I put my bare foot on the stone, connecting as my hand did. Soon I started to move as if on a horizontal surface while my feet and hands slid over the stone without a problem, up and up until there was only stone and weeds around. I laughed till I couldn’t anymore, feeling the wind caress my hair and taking away all bad memories, all pressure, all physical discomfort as I climbed up and up.
The end of the wall was seen, and with renewed vigor, I focused on the end. My right hand grabbed the ledge, and I hesitated. What would I see behind the wall? Did I want to see it? It felt like every muscle in my body tensed up, rebelling to move. And if it was a lie? And if I saw destruction behind the wall?
With the hand still on the ledge and my body leaning against the stone, I sobbed. My tears soaked my cheeks, my moans invaded the silence around me. The wind stopped, listening to my regret. And I kept crying until they left a salty path tears on my cheeks, a tingle on the skin that needed relief.
I did not dare to remove the grab of my hands on the stone, afraid of falling. I did not dare look down. There was only one thing to do.
Wiping the remnants of salt water on my shoulder, I let out one last sigh, and placed my left hand on the edge, and after hesitating a second, I pushed myself, falling like a cat on the ledge.

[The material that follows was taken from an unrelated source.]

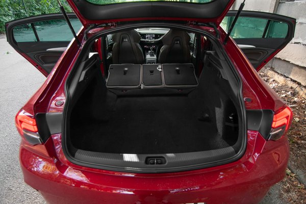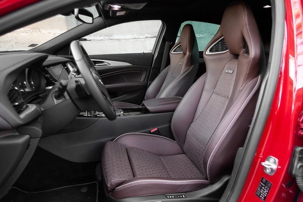 A legjobbak az első lámpák, amik nagyot szigorítanak az autó orrán, a fölöttük húzódó él pedig mercisen túlfut rajtuk és a díszrács irányába mutat. A hátsó nem pirít akkorát, mint az eleje, ami főleg abból fakad, hogy sok gyártó nem tud mit kezdeni a lámpákkal, amik itt is kicsit olyanok, mintha csak oda lennének téve valahogy, nem követik igazán a formát. A GSi hatalmas, 20 colos, csodásan filigrán felnijei szintén óriásit dobnak az összképen, ami már az alapváltozatnál is remek. Egy nyúlánk, lejtős tetejű szedán, ami optikailag nagyon lapos és van egy elegánsan nagyautós kiállása. Ezt akár el is ronthatja egy erőltetett sportosítás, de a GSi esetén annyira jó arányérzékkel nyúltak hozzá a részletekhez, hogy a sportos elemek még inkább kiemelik az Insignia formai erősségeit. A narancssárgás lecsengésű bordó szín pedig egészen egyszerűen tökéletes: hibátlanul kiemeli a részleteket és a fény-árnyék játékokat, miközben eleve pompásan áll még egy ekkora autónak is.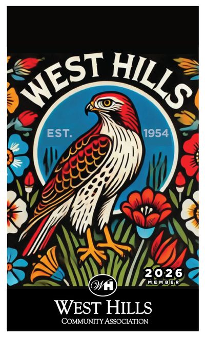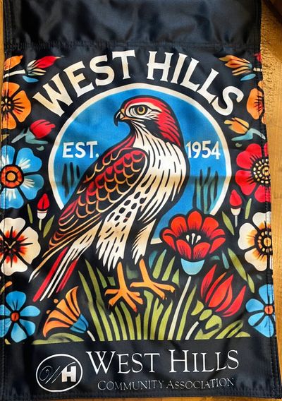 Our 2026 WHCA Yard Flag Fundraiser is ready to go and is only available to paid members. In addition to supporting your WHCA, you will be able to proudly display this beautiful yard flag and stand. This vibrant flag highlights the Red Hawk we see throughout our West Hills community. When you purchase the 2026 flag, it INCLUDES your 2026 membership.

With my knees bent and my hands ready to give support in case of a slip, I watched around me with my heart in my throat. A brown hand rested on the edge in front of me, and soon I saw another hand, this one white, and there another dark as ash, and another one thin, and another one chubby.
Gradually, those hands were transformed into arms, neck and head, rising upon the edge, looking frightened around until they met my gaze. Bent knees straightened up, and soon dozens of people were above the edge, peering smiles in different types of faces. Asian, Latin, Nordic, African…
Laughter took us all by surprise. The first came from one throat, then another joined him, and soon the chorus of laughter erupted in the edge of the wall.
And, laughing, we hugged each other, women, children, men, young, old… And walked out on the broad rim, some hugging and laughing, others side to side, walking until the wall vanished, and we were faced with another, this one even greater.
But this time, large, majestic golden gates stood before us. The eyes looked nervous at the anxious faces, faces that gradually relaxed. And one by one, we entered the city.
And one by one, we leave behind our past life, ready to start again.